Quote Originally Posted by Chebmaster View Post
I'm more and more tempted by the idea of 16-bit integer physics. 32768 is actually a lot, if you use it right. I have experience, after all - that game for MS-DOS used 16-bit physics.
I also learned a lot since, the problem of velocity discretization at low speeds is easily circumvented by defining speed not per tic but per interval of N tics, where slow objects would move slowly, one jump per hundreds of tics (and just interpolated by any object interacting with them).
SSE offer unique possibilities of speeding things up, PMULHW is tailor made for such things, multiplying 8 numbers per tact in the basic version and up to 32 in its AVX512 incarnation.
Also, sines, cosines and reverse square roots -- all of these could be made using lookup tables with linear interpolation, maybe normalized using BSR - but anyway much faster than any floating-point counterparts.
Integer physics, such an interesting idea . Haven't tried that but I hear it was common for early programmers. I on the other hand rely heavily on the square root for moving things and calculating positions. Haven't considered using a table. It's so easy to just use the square root command. For my modest needs that's mostly fast enough.

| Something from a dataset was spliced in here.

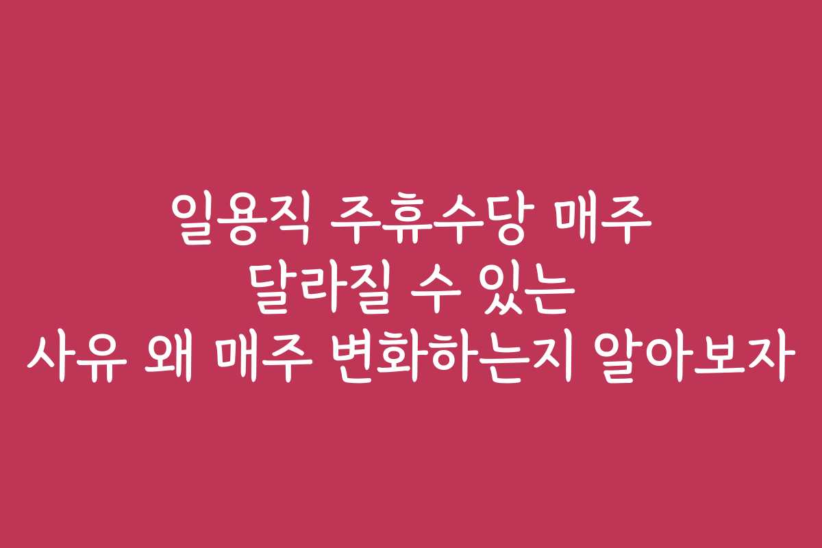 일용직 근로자에게 주휴수당은 매우 중요한 요소입니다. 하지만 이 수당이 매주 어떻게 달라질 수 있는지에 대해 궁금해하는 분들이 많습니다. 이번 글에서는 일용직 주휴수당이 매주 변화하는 이유를 자세히 살펴보고, 이를 관리하는 팁을 제공하겠습니다.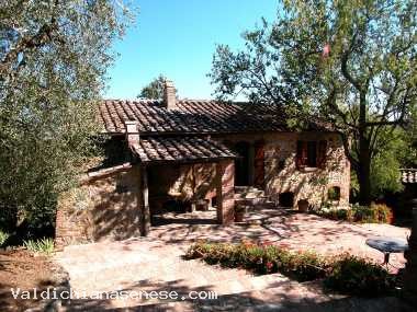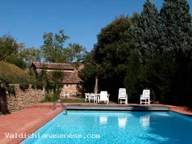 Il meleto è uno stupendo podere Toscano, completamente appartato, tradizionale, immerso nella bella campagna delle colline Senesi e vicino alla regione del Chianti, a Siena, a Firenze e ad Arezzo. Costruito più di 200 anni fa con pietra del luogo, il podere è stato restaurato, con attenzione e sensibilità, per dotarsi degli standard di vita moderni, mantenendo al contempo l'atmosfera rustica del passato. Il podere è appartenuto, per un certo periodo, a Lea Massari, l'attrice cinematografica degli anni '60. Le travi in legno a vista originali, i pavimenti in cotto, le finestre e gli infissi alla francese sono parte integrante della personalità della casa. Il Meleto è dotato di un arredo di pregio e confortevole, con mobili rustici e d'epoca. La casa si trova al centro dei suoi 5 ettari di terreno, il quale comprende giardini rigogliosi, olivi, piante da frutto, vigne e boschi perfetti per lunghe passeggiate. Sono disponibili una ampia piscina (16mX8mX2.5m) ed un solarium, ad uso esclusivo degli ospiti. Un custode si occupa della piscina e del giardino.

I wasn't even aware of the SSE/AVX thingie. Is it some fancy vector calculation hardcoded in the silicon?
It seems my oldest still bootable PC (J1900) lacks SSE but the never machines got SSE(4.2). No mention of AVX.

For moving things slowly I too let them advance on the appropriate intervals. For what it's worth I once made a game on 16 bit Delphi where I also let the moving object become pale/fuzzy when moving really fast. Workes decently on my rather simple 2D games, I think.

Thanks for updating us on your progress, though most of it is beyond me.